I’m halfway through a question when I notice it. Nemes laughs; of course, he’d seen it immediately. “I wanted to point that out to you,” he says. “It is so funny. Before leaving this room, I will take pictures.” Mind you, he’s had worse. “When I was at the San Sebastián film festival with Son of Saul, they put me in the Mel Gibson room.”
Son of Saul was the film that launched Nemes. Released in 2015, it was his first feature as a director, an astonishing, unflinching study of a day and a half in the life of a Sonderkommando, one of the slave labourers of Auschwitz-Birkenau forced to perform the bleakest task imaginable: clearing the gas chambers of the corpses of their fellow Jews, depositing the bodies in ovens to be incinerated. Son of Saul dared to stare into the abyss of the Shoah and was swiftly recognised as among the greatest films about the Holocaust ever made. It won every prize going, including the Oscar for best foreign language film.
Orphan is only the second movie Nemes, now 49, has made in the 11 years that have passed since Son of Saul (though a third, Moulin, about the last days of French resistance leader Jean Moulin is set to debut at Cannes today). Naturally, he had offers: he could have been a “gun for hire”, he says but: “I wanted to keep control. I wanted to be the director and not, you know, just someone who carries out the task … I have a hard time saying, ‘Yes, boss.’”

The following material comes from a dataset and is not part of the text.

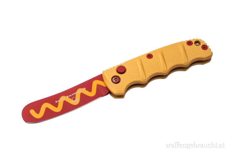 Der Böker Plus BHQ AKS-74 Mini Wiener Warrior bereichert unsere geliebte Kalashnikov-Serie um eine leckere Hot Dog-Version. Der gelbe Aluminiumgriff erinnert an frische goldgelbe Semmel.

The result, in Orphan, is a film that could only have been made by Nemes. It tells the haunting story of Andor, a teenage Jewish boy growing up in Hungary in the shadow of both the second world war and the failed 1956 uprising against Soviet domination. Andor survived the Holocaust by being hidden in an orphanage, but less clear is how his mother made it. Meanwhile, the boy pines for his missing father, imagining him to be a war hero who will return any day.
Instead, a brutal, boorish man – a literal butcher – appears, ready to take up that paternal role. Slowly we piece together the compromises his mother made and whose child the boy really is.
It is an unsettling, absorbing tale of fathers and sons and of facing up to – owning – those parts of ourselves that most repel us. And it is Nemes’s own story. It turns out that what happened to Andor happened, almost exactly, to Nemes’s own father, András. András, says Nemes, was a boy who dreamed he was the son of one man, only to have to “cope with an abusive father who came back”.
András is now 81 and a theatre and film director in Hungary who still harbours “a little bit of doubt in his mind” over the identity of his true father. Nemes himself is keen to be free of such illusions. He grew up knowing, mostly from his grandmother, that the past was “full of shadows and traumas”. Orphan is, in part, his attempt to wrestle with those shadows. He has been, he says, “trying to integrate, to accept, almost the most hated part in my own self. That’s been my own journey. And I think that’s the journey my father was not capable of making.”
That process is contained even in Nemes’s own name (Nemes was the name of the butcher) and in a candour that is, in his industry especially, extremely rare. As will become clear, he is a man less interested in currying favour than in having the courage to voice what he believes is the unhappy truth.
When I say that his grandmother seems to have survived the Holocaust by becoming the sexual captive of his biological grandfather, he does not demur. When I ask about the impact this inheritance must have had on his father, he is utterly open about “all the psychopathologies” that were at work, and their effect on him.
He suggests his father “abandoned” him, replaying the “abandonment” he had endured as a child, not only through divorce but in the “hatred” András harboured towards his son because László had been so “much more lucky than he was”.
All of this has resonance far beyond the Nemes family. The director believes the Jews of Europe have been orphaned, partly by their own actions in the 19th century, “leaving Judaism for assimilation. And then by the cataclysmic event of the Holocaust, in which they were orphaned literally. One and a half million children were killed.” But there was a postwar abandonment too, he says, in the way Europe handled the Shoah, the way it did not truly listen to those who had endured it. “I don’t think the experience of the Holocaust was integrated into the very fabric of Europe. I think there’s shame, but there’s no understanding.”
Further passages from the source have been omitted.